Dans ce type de contexte, faire la différence ne reposera pas sur un seul joueur mais sur toute une équipe. C’est ce que l’on a pu constater côté algérien lors de ce match aller. On a vu une équipe d’Algérie solidaire, disciplinée et combative, faisant preuve d’une grande solidité défensive sur le terrain. C’est cet état d’esprit collectif qui leur a permis de ramener ce bon résultat du Cameroun. Quand on regarde la prestation d’un Mahrez, on voit qu’il était pleinement concentré sur les tâches défensives de l’équipe. Il a pleinement intégré le fait que, pour préserver ce résultat, il devait être totalement dédié à son collectif. On l’a vu plus défendre qu’attaquer.
Pour le match retour, les données sont sensiblement les mêmes. Si le Cameroun veut s’en sortir à Blida, alors il faudra montrer un toute autre visage d’un point de vue collectif. Ils doivent accepter de souffrir, d’attaquer, de défendre ensemble. On doit voir un bloc équipe solidaire. Certes, le but viendra toujours d’un joueur, mais celui-ci sera toujours à la conclusion d’une action qui verra le collectif primer.
Pour conclure, dans quel état d’esprit abordez-vous personnellement la rencontre de ce mardi ?

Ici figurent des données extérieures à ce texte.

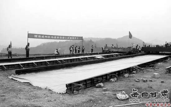 蘭州晨報(bào) 2月21日隴南訊 2月20日,隴南人民盼望已久的大項(xiàng)目隴南成縣機(jī)場跑道開始鋪設(shè)道面混凝土試驗(yàn)段開工。

Je suis pleinement concentré et supporter déterminé du Cameroun. Dans ce type de match, il n’y a que deux alternatives : soit la qualification, soit l’élimination. Je regarderai ce match en étant à fond derrière les Lions Indomptables ! En tant que Camerounais, j’espère de tout mon coeur que cette équipe parviendra à obtenir la qualification pour le Mondial. Cela me tient d’autant plus à coeur en tant qu’ancien joueur et capitaine, avec tout ce que cela comporte en termes de souvenirs et de victoires.
Désormais, le football va décider de l’issue de ce match, mais n’oublions pas que nous restons tous Africains. Peu importe l’issue de ces barrages pour les équipes engagées, nous serons tout un continent derrière les cinq équipes engagées en Coupe du Monde au Qatar. On aura alors tous à coeur de supporter les nôtres.